Gezi Parkı davasına ilişkin açıklama

"Taksim'deki Gezi Parkı'nda güya ağaç ve çevre hassasiyeti bahanesiyle başlayan olaylar millete ve devlete karşı sivil bir darbe halini almıştı. Bay Kemal 'aydınlık gençler' diyor. Bunlar aldatılmış gençler. O gençlere çevreci sıfatı verilerek bu ülkede milyonlarca ağaç diken bir iktidara ağaç sökme yaftası yapanlara ben sadece lanet okurum. Çağrıyı yapıyor mu Bay Kemal, yapıyor. Oraya avanesini topluyorlar. 3 ay boyunca kimi büyükşehirlerimizin meydanlarının yakılıp yıkıldığı bu hadisenin en küçük bir masum tarafı yoktur.

"Türkiye ayağı malum içerideydi, bir manevrayla beraat ettirmeye kalktılar"

Kimin ne olduğunu bilmeniz açısından bu çok önemli; bakınız bunlar masum bir ayaklanma hadisesi değildir. Bunlar ciddi manada perde arkasında Soros türü bazı ülkeleri ayaklandırmak suretiyle oraları karıştıran tipler vardır. Onun da Türkiye ayağı malum içerideydi. bir manevrayla dün onu beraat ettirmeye kalktılar. Onunla beraber başkaları da bun işin içinde. 

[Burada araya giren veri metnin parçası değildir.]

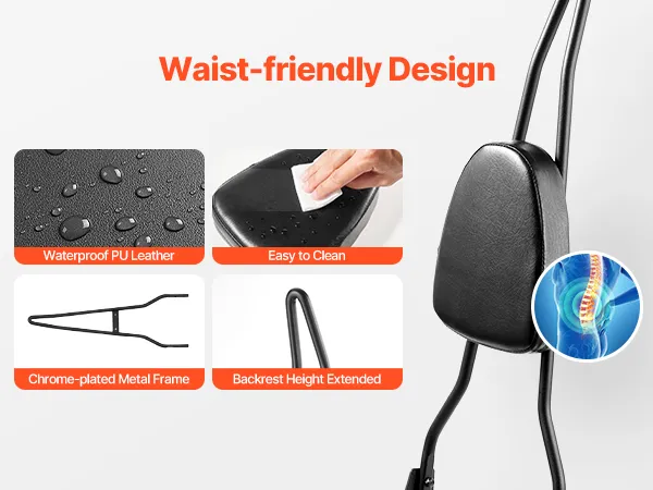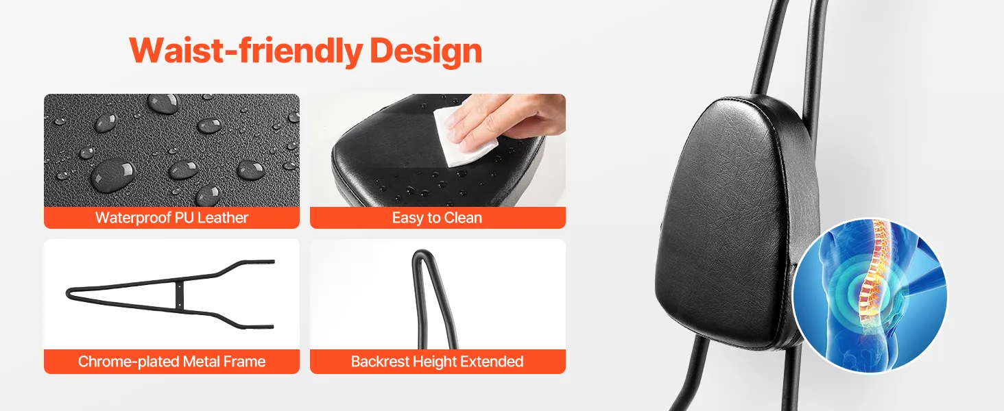 Comfortabele rijervaring: De leren rugleuning is waterdicht en beschermd tegen krassen, slijtage, vlekken en spatten. De schuimvulling met hoge dichtheid en ergonomisch ontwerp verlicht de druk op de lendenstreek en zorgt voor stabiliteit en comfort, zelfs op oneffen wegen

Sevsinler senin aydınlık gençlerini. Bunlar tamamıyla sayenizde aldatılmış gençler. Siz değil misiniz terörist olarak tescil edilmişlerin posterlerini, Atatürk Kültür Merkezi'ne asanlar siz değil miydiniz? AKM'nin Taksim'e bakan cephesinde bu posterleri görmedik mi? Kimler gerdi, kimler astı bu posterleri? Bay Kemal işte senin takımın yaptı. Sizin aydınlanmış gençleriniz bunlarsa yandık. Bizim aldatılmış gençlere ihtiyacımız yok. "

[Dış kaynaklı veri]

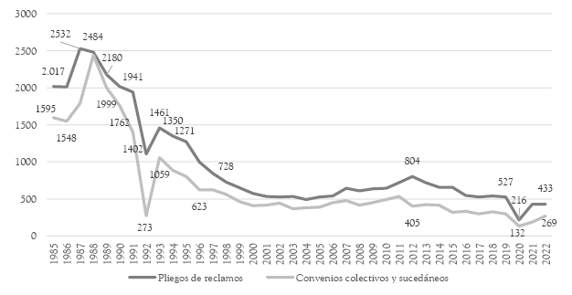 Figura 6. Pliegos de reclamos y convenios colectivos y sucedáneos (1985-2022)

"Her kim bu olayları masum bir çevre hareketi olarak tanımlıyorsa bu ülke ve milletin düşmanıdır. Toplumumuzu bölmeyi amaçlayan Gezi olaylarını milletimizle omuz omuza vererek bitirdik. Gezi'de başaramadıklarını 17-25 Emniyet Yargı girişiminde denediler. Bunu da bozduk. Bu defa çukur eylemleriyle doğrudan topraklarımızı bölmeye çalıştılar. 

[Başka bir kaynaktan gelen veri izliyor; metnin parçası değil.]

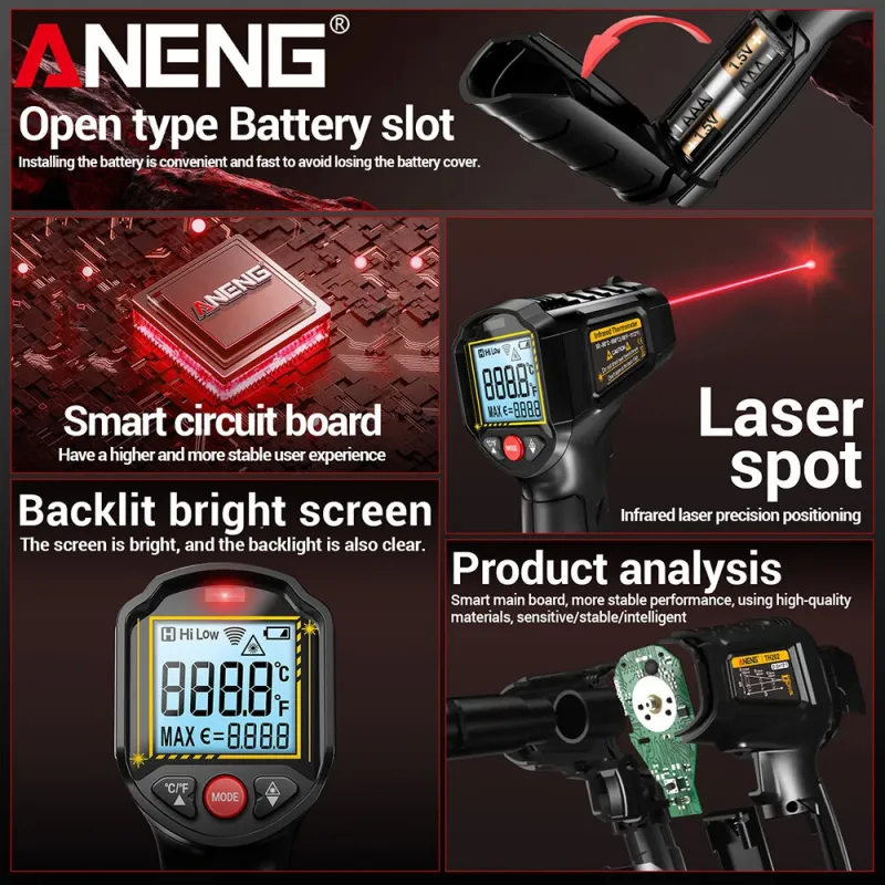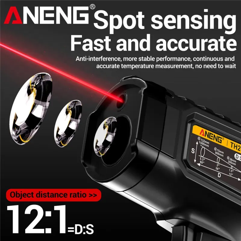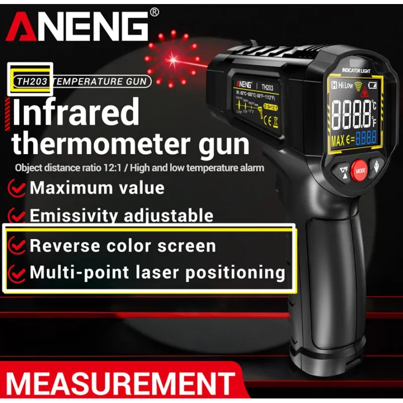 ANENG TH202 TH203 Infrared Thermometer Gun -50C to 600C Multi-Point Laser LCD Backlit Display Adjustable Emissivity High Accuracy Temperature

"Bizim ve milletimizin gözünde Gezi'nin ve bu kalkışmanın önünde yer alanların hükmü asla değişmeyecektir. Milletimiz müsterih olsun bu meseleyi de sonuna kadar kararlılıkla takip edecek, adaletin tecellisi için son nefesimize kadar mücadeleyi sürdüreceğiz. Türkiye'nin ve Türk milletinin aleyhine olan her kampanyanın olduğu gibi bunun da öncülüğünü CHP yapıyor. "

İdlib

İdlib'deki gelişmelere de değinen Cumhurbaşkanı Erdoğan şunları söyledi: "Son günlerde kasıtlı bir kampanya ile karşı karşıyayız. İdlib'de artık son uyarılarımızı yapıyoruz. Ama şu ana kadar arzu ettiğimiz aşamaya gelmedi. Bir gece ansızın gelebiliriz. İdlib'de bir harekât an meselesidir. "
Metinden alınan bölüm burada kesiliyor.